Sumber Cerita.co.id melaporkan maraknya penolakan masyarakat terhadap penggunaan sirine dan strobo untuk pengawalan pejabat yang menerobos kemacetan. Keengganan memberikan jalan bagi kendaraan pejabat ini semakin menguat, menunjukkan rasa muak publik terhadap praktik yang dianggap arogan tersebut.
Wakil Ketua Pemberdayaan dan Pengembangan Wilayah Masyarakat Transportasi Indonesia (MTI) Pusat, Djoko Setijowarno, menjelaskan bahwa sirine dan strobo seharusnya hanya digunakan sebagai sinyal darurat, bukan untuk menerobos kemacetan. "Penyalahgunaan dan klaim hak istimewa yang tidak tepat menjadi akar masalahnya," tegas Djoko. Ia menambahkan, seringkali kendaraan pribadi atau pejabat yang tidak dalam keadaan darurat menggunakan strobo untuk menghindari kemacetan, menciptakan persepsi bahwa strobo adalah simbol status dan bukan alat keselamatan.

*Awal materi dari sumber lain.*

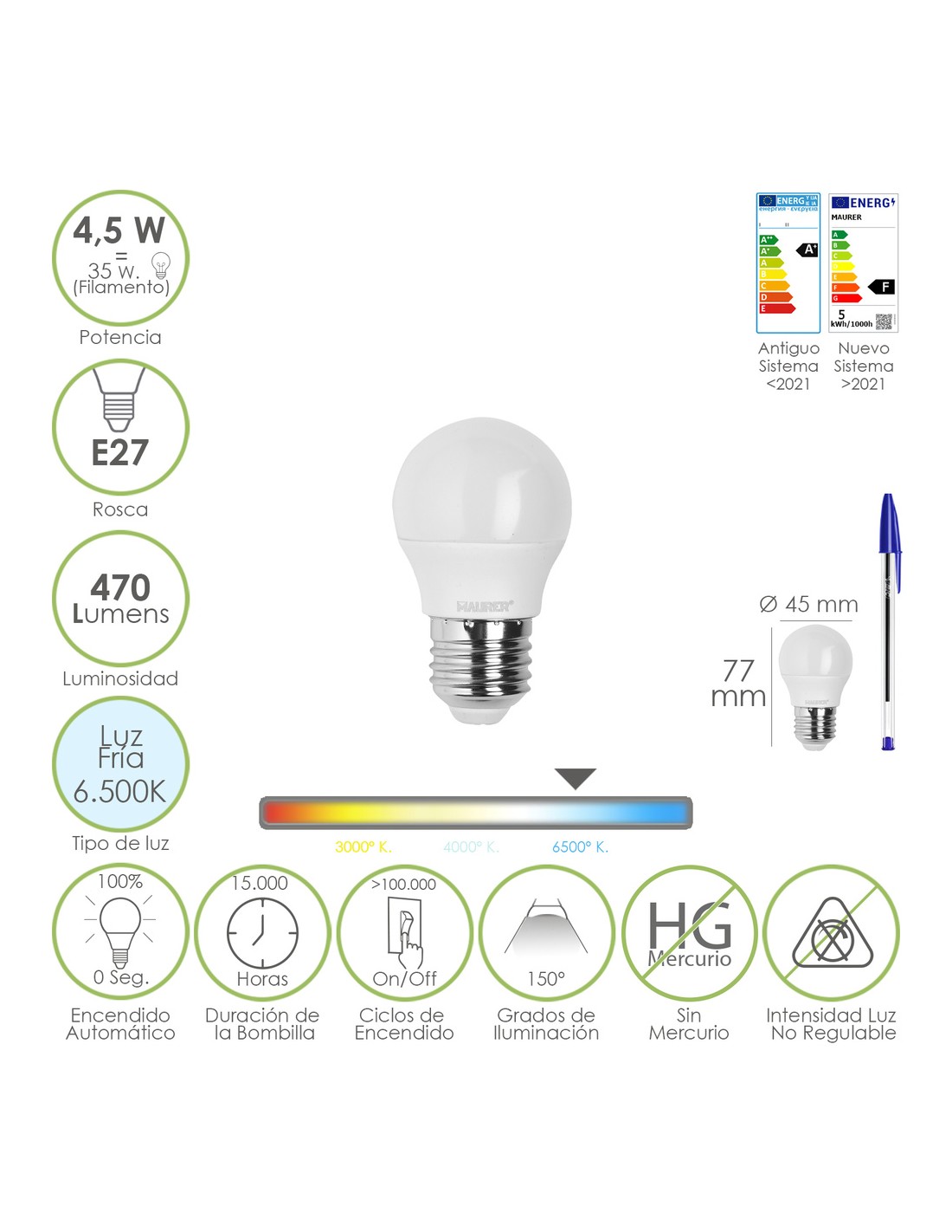 - Potencia: 4.5 W. equivalente a 55 W. aproximadamente de antigua incandescencia.

Djoko menekankan bahwa praktik ini menimbulkan ketidakadilan dan memicu kemarahan publik. Penggunaan sirine dan strobo yang tidak sesuai peruntukannya telah melukai rasa keadilan masyarakat dan dianggap sebagai bentuk kesewenang-wenangan. Kondisi ini, menurutnya, membuat masyarakat semakin enggan memberi jalan, bahkan cenderung menolaknya. Publik menuntut agar pejabat dan pengguna jalan lainnya menaati aturan lalu lintas dan mengantre seperti warga biasa saat terjadi kepadatan.